What you are asked to do:
The expected output is every record below, transcribed exactly, with the pictures left out.

━━━━━ Source information ━━━━━

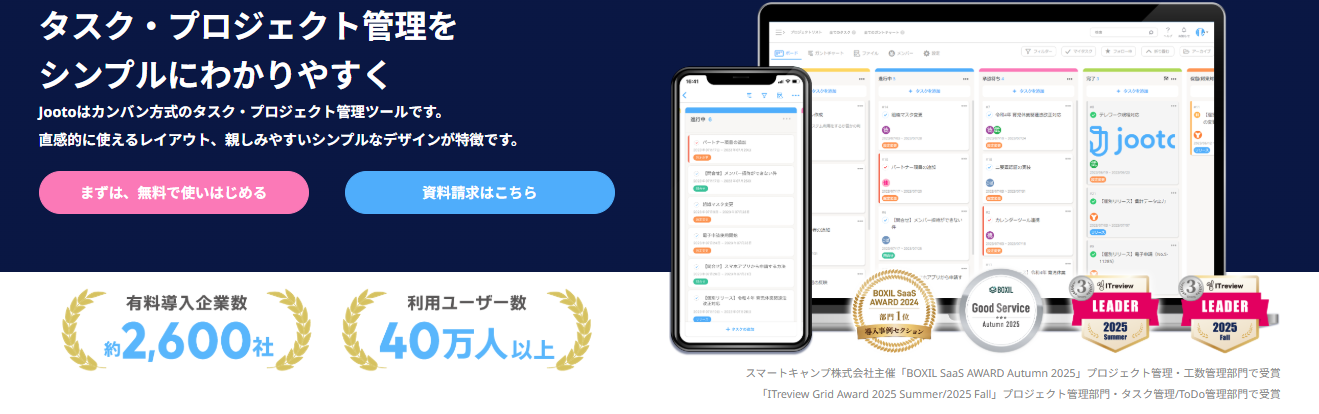 Jootoは、タスク・プロジェクトをシンプルにわかりやすく管理できるツールです。カンバン方式を採用しており、直感的に使える操作性が特徴です。
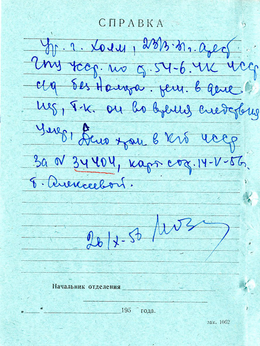 Вочевидь ці невідповідності, а також правки до тексту брошур з москви змусили керівництво кдб урср вдатися до глибшого вивчення біографії М. Грушевського й обставин його арешту та смерті. Відтак у справі з’явилася довідка за архівною слідчою справою № 34404 на Грушевського М. С., підписана капітаном Громовою – співробітницею кдб урср, яка залучалася і до ведення справи на В. Винниченка.
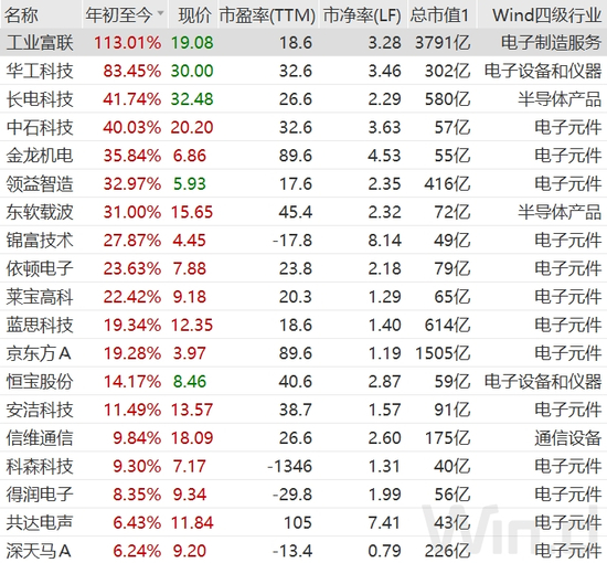概念股方面,工业富联以113.01%的涨幅排名第一;华工科技以83.45%的涨幅排名第二;长电科技、中石科技、金龙机电、领益智造、东软载波、锦富技术、依顿电子、莱宝高科等涨超20%。
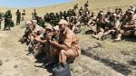 The destruction of Syrian terrorists by a Russian combat robot is shown
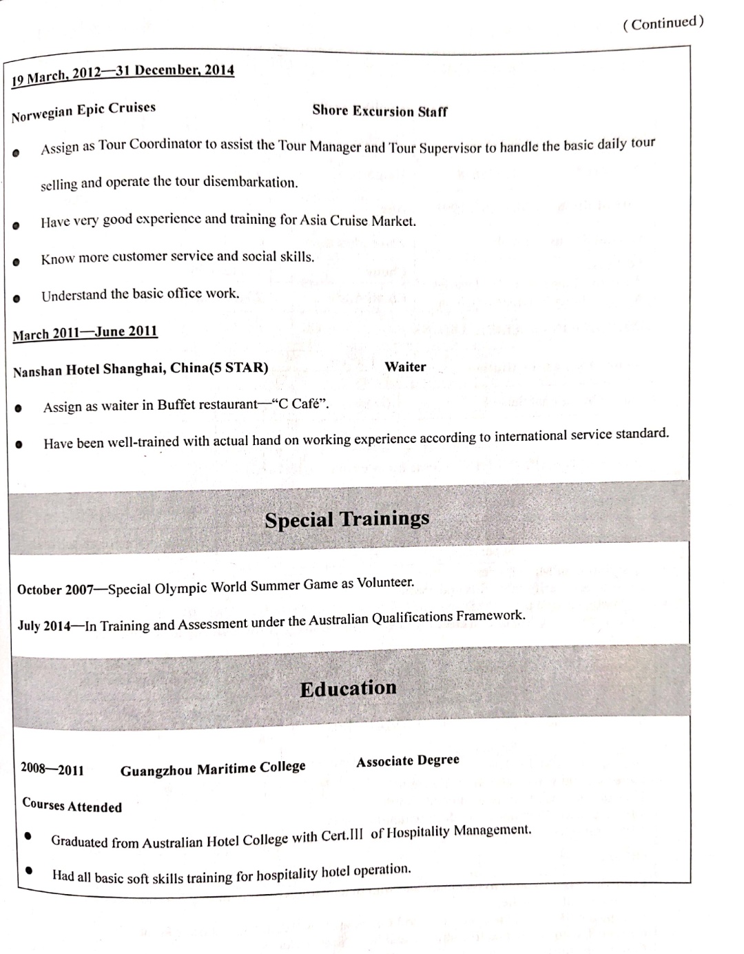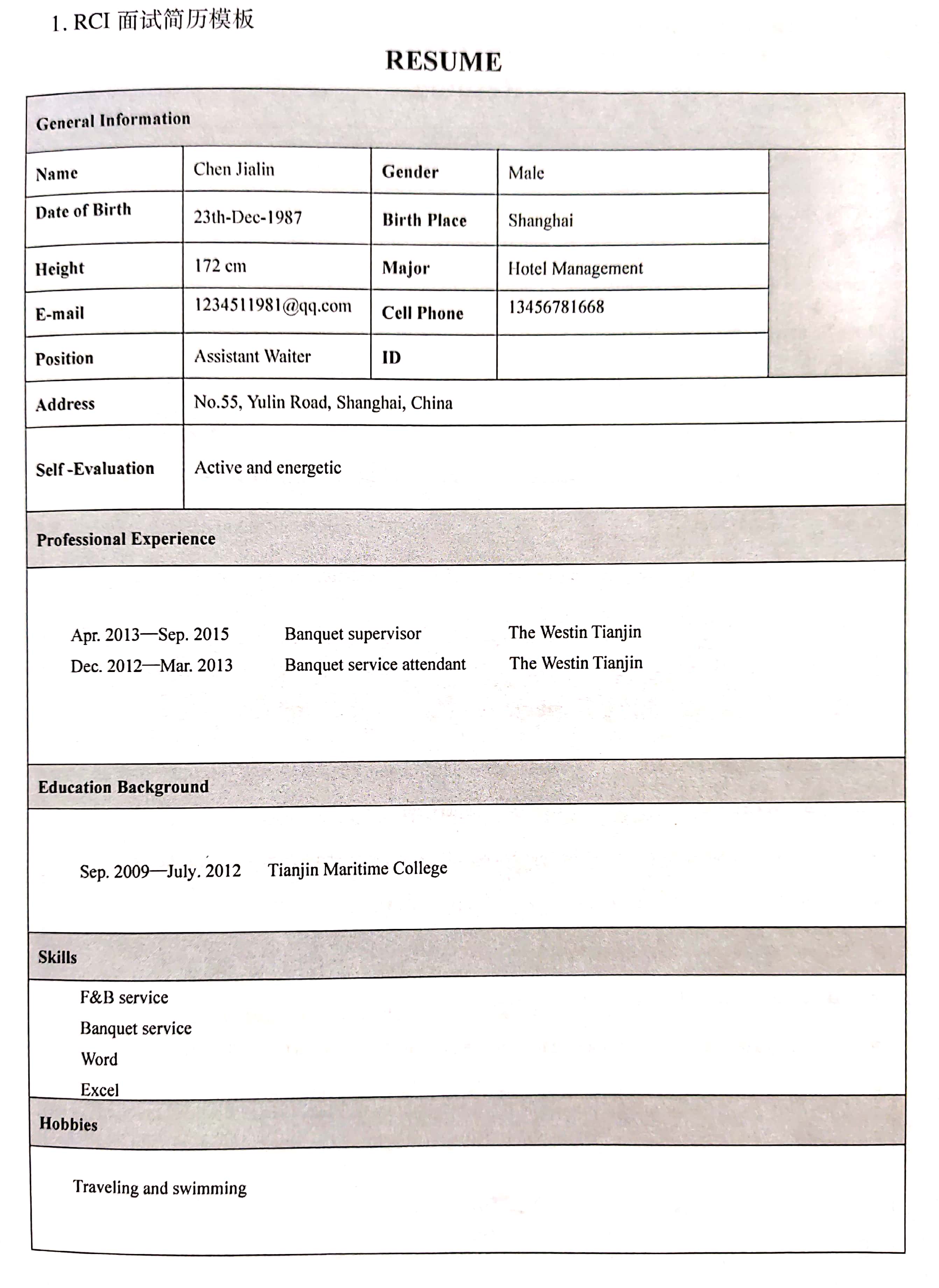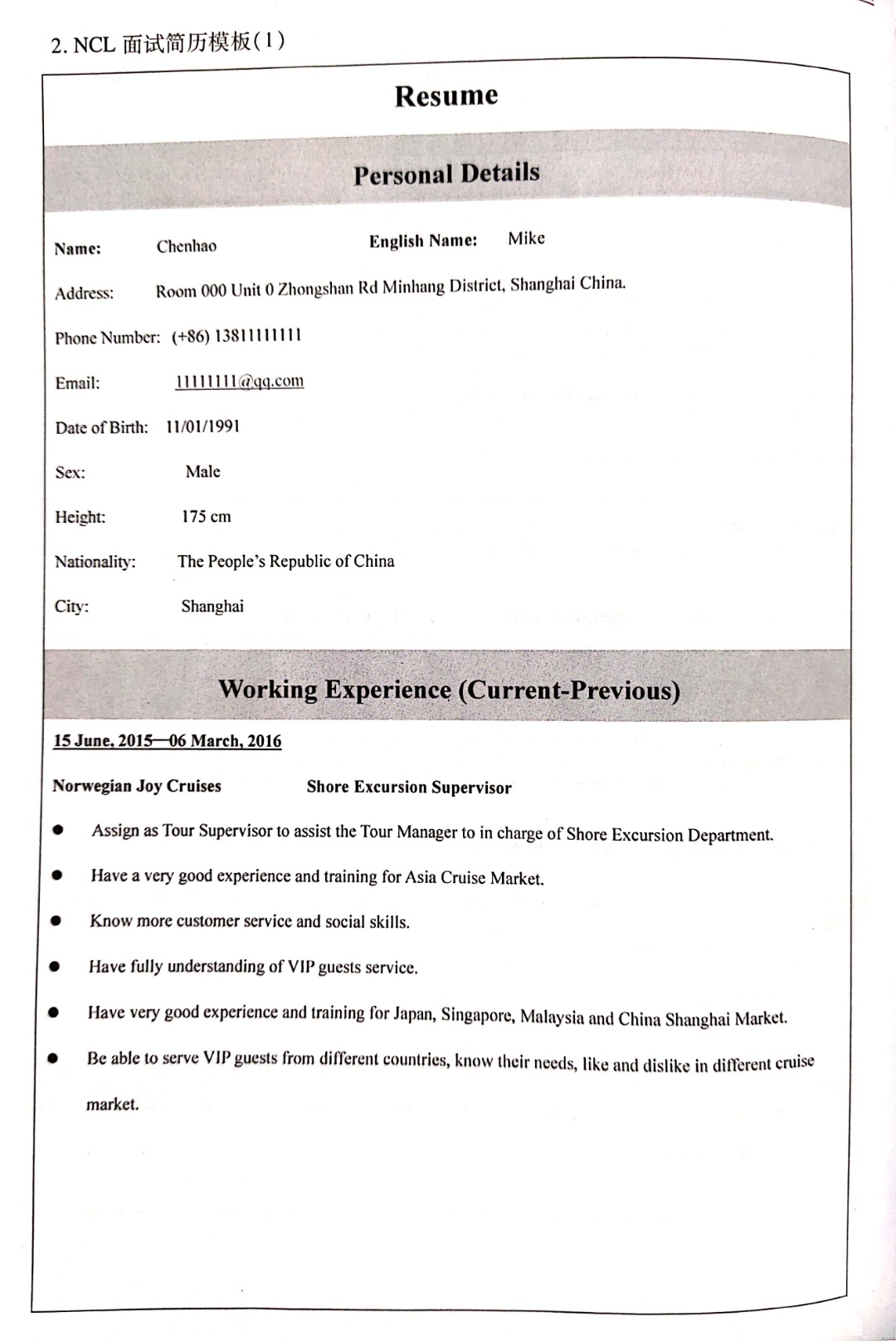 正如上文所提,不同邮轮公司可能有不同的简历模板,接下来咱们以两个公司的为例
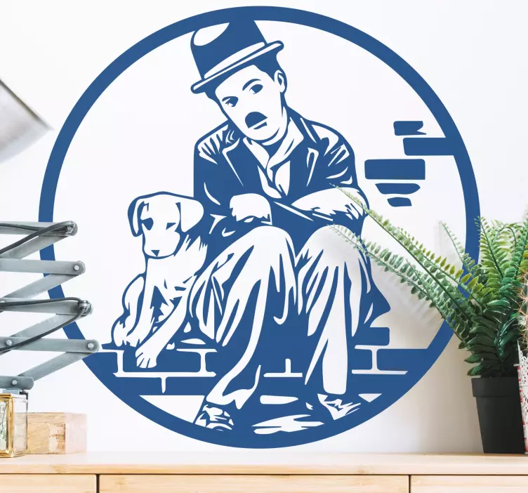 Tämä upea siluetti vinyyli tarra kuvaa Charlie Chaplinia, legendaarista näyttelijää, joka istuu koiransa kanssa rappukotelossa. Tarra esitetään pyöreällä taustalla, mikä antaa sille modernin ja tyylikkään ilmeen.
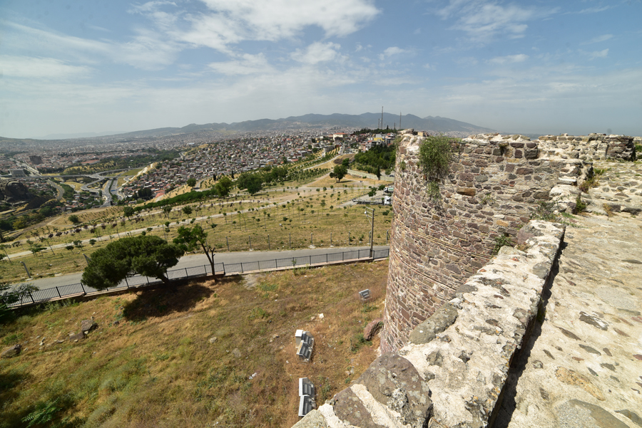 Pour cela, je fais appel à un taxi que je vais prendre à deux pas de mon hôtel. Après moult détours (compteur kilométrique oblige !), me voici donc sur les hauteurs de l’ancienne Smyrne. Les murailles de la citadelle se dressent là.
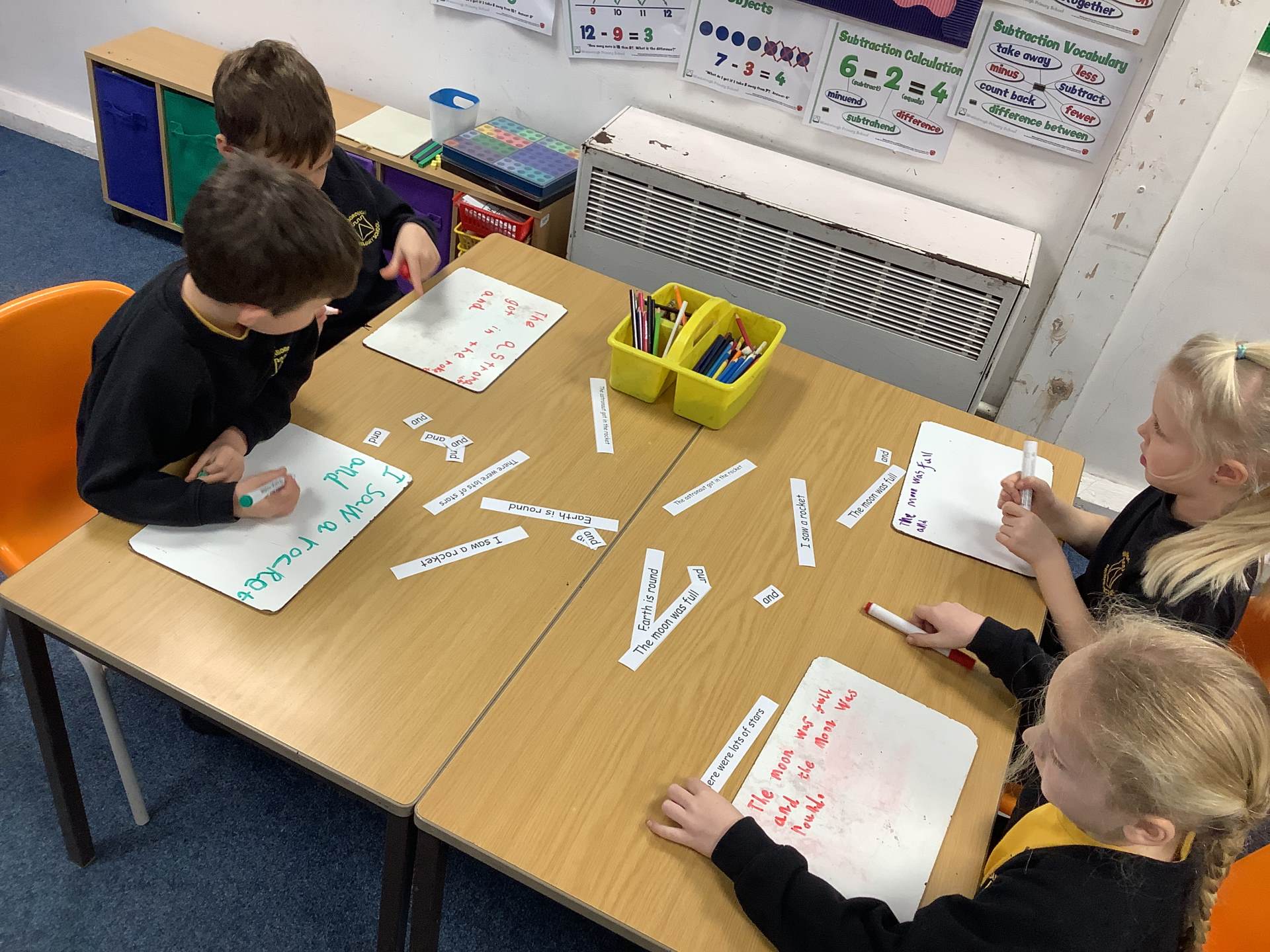 This week (WC. 12.01) Conker class were learning how to combine two clauses using the conjunction 'and'. Some pairs had to join together the two clauses that best fit and then re-write the sentence in full using 'and', while others had just one clause and had to continue the sentence to include 'and'.
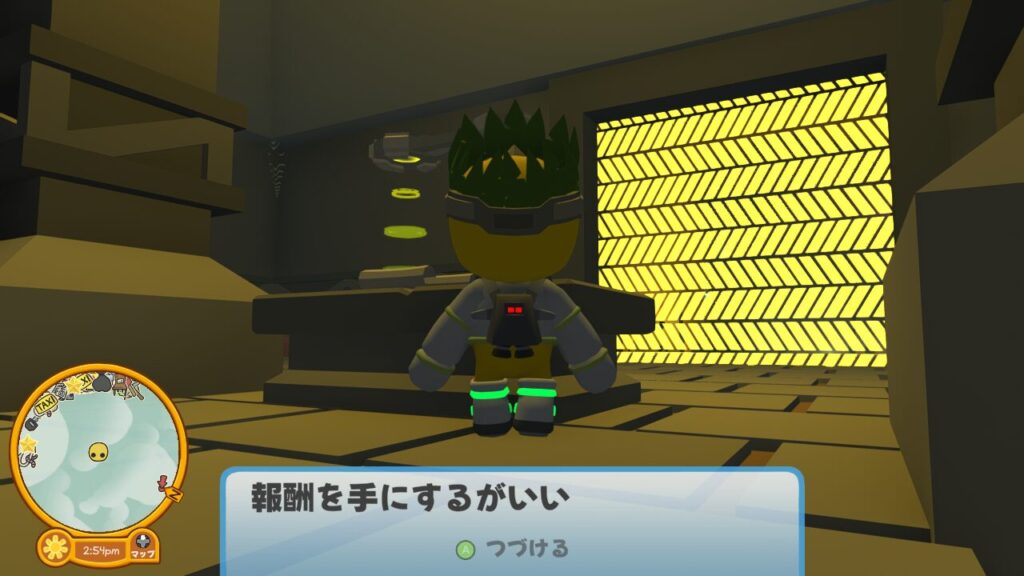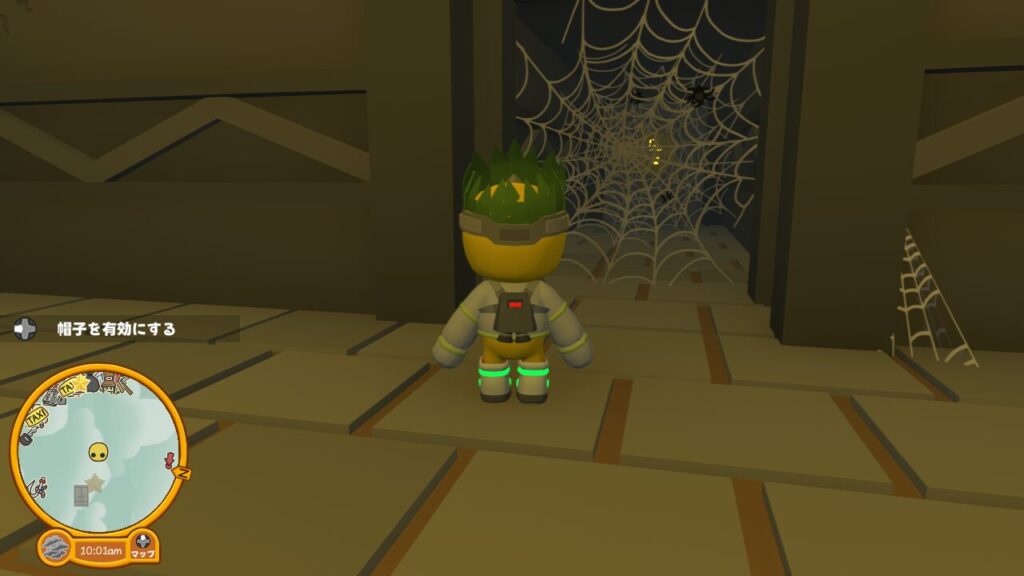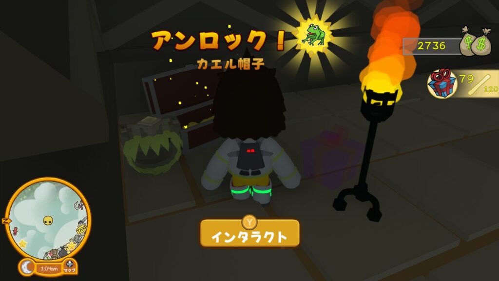 すると秘密の洞窟脱出用のエレベーターがある部屋につきます。エレベーター横には【カエルの帽子】というコスチュームとプレゼントボックスが入った宝箱があるので、忘れずに取得しましょう。

━━━━━

Solution:
 Jootoは、タスク・プロジェクトをシンプルにわかりやすく管理できるツールです。カンバン方式を採用しており、直感的に使える操作性が特徴です。
 Вочевидь ці невідповідності, а також правки до тексту брошур з москви змусили керівництво кдб урср вдатися до глибшого вивчення біографії М. Грушевського й обставин його арешту та смерті. Відтак у справі з’явилася довідка за архівною слідчою справою № 34404 на Грушевського М. С., підписана капітаном Громовою – співробітницею кдб урср, яка залучалася і до ведення справи на В. Винниченка.
概念股方面,工业富联以113.01%的涨幅排名第一;华工科技以83.45%的涨幅排名第二;长电科技、中石科技、金龙机电、领益智造、东软载波、锦富技术、依顿电子、莱宝高科等涨超20%。
 The destruction of Syrian terrorists by a Russian combat robot is shown
 正如上文所提,不同邮轮公司可能有不同的简历模板,接下来咱们以两个公司的为例
 Tämä upea siluetti vinyyli tarra kuvaa Charlie Chaplinia, legendaarista näyttelijää, joka istuu koiransa kanssa rappukotelossa. Tarra esitetään pyöreällä taustalla, mikä antaa sille modernin ja tyylikkään ilmeen.
 Pour cela, je fais appel à un taxi que je vais prendre à deux pas de mon hôtel. Après moult détours (compteur kilométrique oblige !), me voici donc sur les hauteurs de l’ancienne Smyrne. Les murailles de la citadelle se dressent là.
 This week (WC. 12.01) Conker class were learning how to combine two clauses using the conjunction 'and'. Some pairs had to join together the two clauses that best fit and then re-write the sentence in full using 'and', while others had just one clause and had to continue the sentence to include 'and'.
 すると秘密の洞窟脱出用のエレベーターがある部屋につきます。エレベーター横には【カエルの帽子】というコスチュームとプレゼントボックスが入った宝箱があるので、忘れずに取得しましょう。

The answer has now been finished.